In a recent study, rates of 12-month or longer contraceptive supply were increased by the implementation of a 12-month contraceptive supply policy.
There is a link between a 12-month contraceptive supply policy and a slight increase in the rate of contraception dispensing through a 12-month or longer supply among Medicaid recipients using short-acting hormonal contraception, according to a recent study published in JAMA Health Forum.1
Currently, the oral contraceptive pill remains the most common method of contraception among US individuals, with 99% efficacy reported with perfect use.2 However, breaks in contraceptive use lead to decreased efficacy, indicating a need for methods such as a 6- to 12-month supply of pills to prevent breaks in coverage.1
Data has indicated 70% of US short-acting contraceptive users receive a supply of 3 months or less. Policies supporting a 12-month contraceptive supply may reduce this rate, but more data about the efficacy of these policies is needed.
Investigators conducted a study to evaluate the efficacy of a 12-month contraceptive supply policy toward increasing continuous contraceptive use. National Medicaid claims and enrollment data from 2016 to 2020 in both treatment and comparison states were included in the analysis.
Treatment states were considered those with Medicaid legislation for a 12-month contraceptive supply with compliance dates from January 1, 2016, to December 31, 2020. The prepolicy period was from January 1, 2016, to the compliance date, while the postpolicy period was from the compliance date to December 31, 2020.
States without a 12-month contraceptive supply policy before December 31, 2020, were considered comparison states. There were 36 states included in the final analysis, 11 of which were treatment states and 25 were comparison states. Participants included women aged 18 to 44 years enrolled in Medicaid during the study period.
Investigators defined the primary outcomes of the analysis as, “the proportion of total months of contraception supplied during a state-quarter, provided in a single 12-month or longer supply fill.” The proportion was also reported as part of a 2- to 3-month supply fill as the secondary outcome.

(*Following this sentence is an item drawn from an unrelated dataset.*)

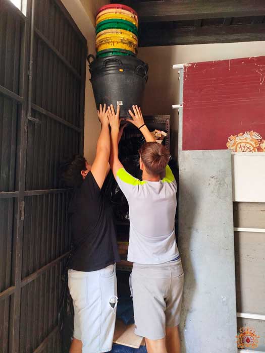 Comenzaron ante las Plantas de la Santísima Virgen de las Angustias, tras sus rezos, recogieron los utensilios usados en los montajes de alfombras realizados. Y por último disfrutaron de una convivencia en las dependencias de la Casa de Hermandad, donde se plantearon las actividades a desarrollar en los próximos meses.

There were 4,778,264 participants included in the final analysis. Across both treatment and comparison states, these participants primarily used oral contraceptive pills. In comparison states, 82.73% of months of contraception were received through a 1-month supply in the first quarter, vs 51.40% of the final quarter.
The rates of 1-month contraceptive supply in the first and final quarter were 58.10% and 31.23%, respectively, in treatment states. Additionally, the rate of 2- to 3-month supply receipt rose by 19.36% in treatment states and 31.34% in comparison states.
Comparison states had an insignificant amount of 12-month supply receipts during the study period, at 0.01% in the first quarter and 0.02% in the final quarter. These receipts were also minimal during the first quarter in the treatment group at 0.11% but increased to 6.16% by the final quarter.
Policy implementation was associated with a 12-month or longer supply fill increase of 4.39%. However, no association was reported between policy implementation and a change in 2- to 3-month contraceptive supply dispensing.
These results indicated increased rates of 12-month or longer contraceptive supply from implementing policies mandating 12-month coverage. Investigators recommended federal policy mandating 12-month coverage to support contraceptive access.